I don't know how many readers are hosting events, but I guess it would be easier to let Event hosts fill in the data dynamically, for example with WordPress.

Isn't there a plugin for it?

The short answer is Yes, many. This article is for typescript developers who work with GraphQL, we'll only use WordPress as a headless Content Management System (CMS). This article doesn't even include a single line of PHP, instead we'll generate typescript from a GraphQL schema. This approach actually works without WordPress, but it's easier to start with it.

section-wpgraphql

From WordPress to GraphQL endpoint

The WPGraphQL Plugin is quickly installed from the admin panel of your WordPress installation.
Wordpress Admin page: Adding a new plugin
You don't have to leave the Admin Panel to play around with queries either, you get a GraphQL IDE right inside WordPress:
GraphqlIDE
That query retrieves all the posts in a given category, a short excerpt and a featured image - ideal to create a preview for a blog post.

section-gql-schema

From GraphQL endpoint to GraphQL schema

Now this is security relevant: When we have a graphql API, it can tell a client about its structure with a so-called introspection query. You can generate a graphql schema with such a query, if you don't already have access to the graphql schema. An attacker could do the same and try to find vulnerabilities in your API, that's why it's better to have it switched off in production.
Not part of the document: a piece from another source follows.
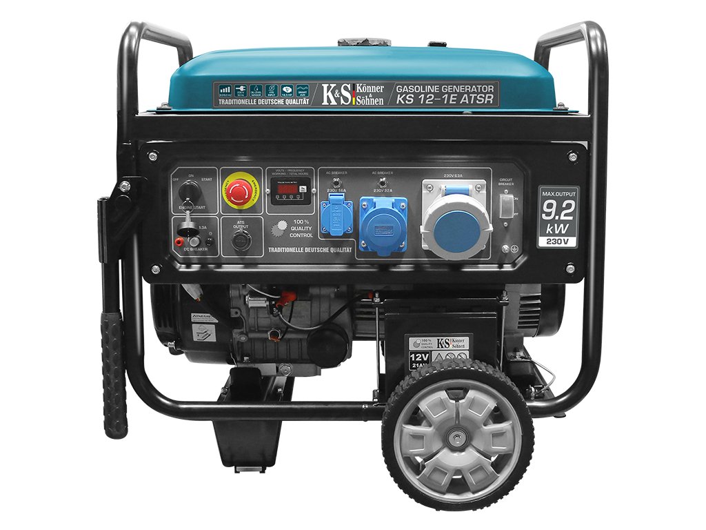Benzínová elektrocentrála KS 12-1E ATSR dosahuje maximálního výkonu s jedním válcem. Elektrocentrála je vybavena uživatelsky přívětivým ergonomickým ovládacím panelem s tlačítkem nouzového zastavení a multifunkčním LED displejem, který umožňuje sledovat provoz elektrocentrály. Velkokapacitní palivová nádrž o objemu 55 l zajišťuje dlouhý a nepřetržitý provoz.
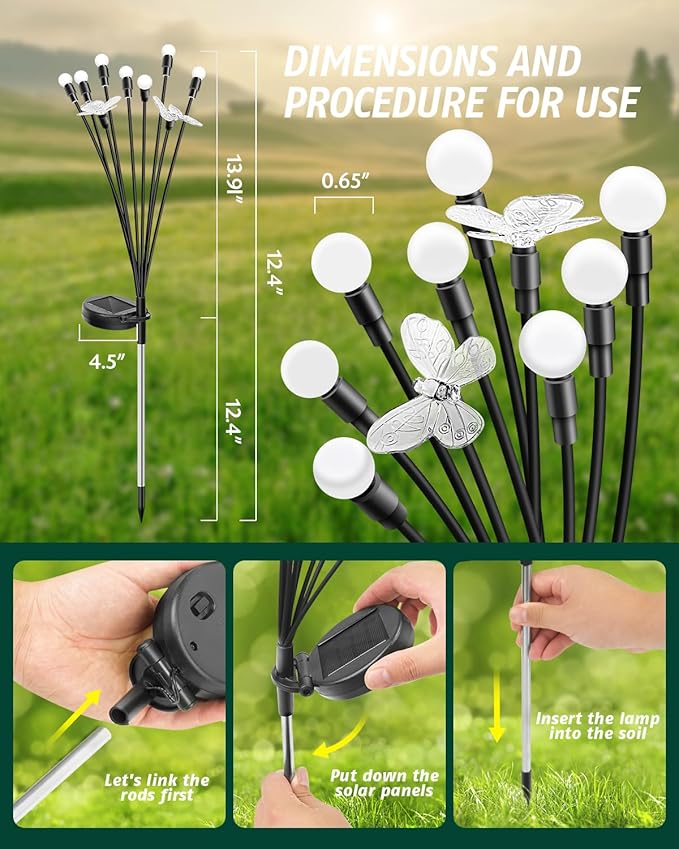 - 2024 upgraded Solar Garden Lights: The most unique solar garden lights, not monotonous, 8 firefly lights +2 butterflies, more vivid and natural, long bright and flickering 2 lighting modes

WPGraphQL has this switched off by default, you need to go into the settings to switch it on:
GraphqlPublicIntrospection

While it's switched on, we can use standard functionality from the graphql package and node.js to generate the schema and save it locally.

import fs from "fs";
import fetch from "node-fetch";
import {
    getIntrospectionQuery,
    printSchema,
    buildClientSchema,
} from "graphql";

/**
 * runs an introspection query on an endpoint and retrieves its result
 * thanks to this gist:
 * https://gist.github.com/craigbeck/b90915d49fda19d5b2b17ead14dcd6da
 */
async function main() {
    const introspectionQuery = getIntrospectionQuery();
    const response = await fetch("https://blog.example.com/graphql", {
        method: "POST",
        headers: {
            "Content-Type": "application/json",
        },
        body: JSON.stringify({ query: introspectionQuery }),
    });
    const { data } = await response.json();
    const schema = buildClientSchema(data);
    const outputFile = "./wpgraphql-schema.gql";
    fs.writeFileSync(outputFile, printSchema(schema));
}

main();
Enter fullscreen mode Exit fullscreen mode

Replace blog.example.com with your domain or localhost, whereever your graphql endpoint can be found. To be able to run that script, you need to set "type": "module" in your package.json (because it's in ES6 syntax).
And once you have the wpgraphql-schema.gql file, please, switch off introspection.

section-gql2ts

From GraphQL schema to typescript

With the wpgraphql-schema.gql file we can already create typescript types. In order for that to work we'll add graphql-generator to our project:

yarn add @graphql-codegen/cli @graphql-codegen/typescript @graphql-codegen/typescript-operations -D

To run the generator, it needs a little bit of configuration, this is done in the codegen.yml-file:

overwrite: true
schema: "./wpgraphql-schema.gql"
documents: "src/**/*.graphql"
generates:
  src/generated/wp-graphql.ts:
    plugins:
      - "typescript"
      - "typescript-operations"
Enter fullscreen mode Exit fullscreen mode

The first line tells it to overwrite existing .ts-files, the second one points to the graphql schema we just got from the endpoint, and the third is the glob-pattern or file where our queries, mutations, fragments and subscriptions can be found. If we don't have any "documents", we can still run the generator with:

yarn graphql-codegen --config codegen.yml

and get types for our graphql schema. So getting all graphql schema-types is configured with the plugins: - "typescript" part. Getting queries etc is configured with the - "typescript-operations" part. That adds types for all "documents" it finds to our .ts-file. You could also generate separate .ts-files, this is up to you (to split server-features from client-features like queries and fragments, for example).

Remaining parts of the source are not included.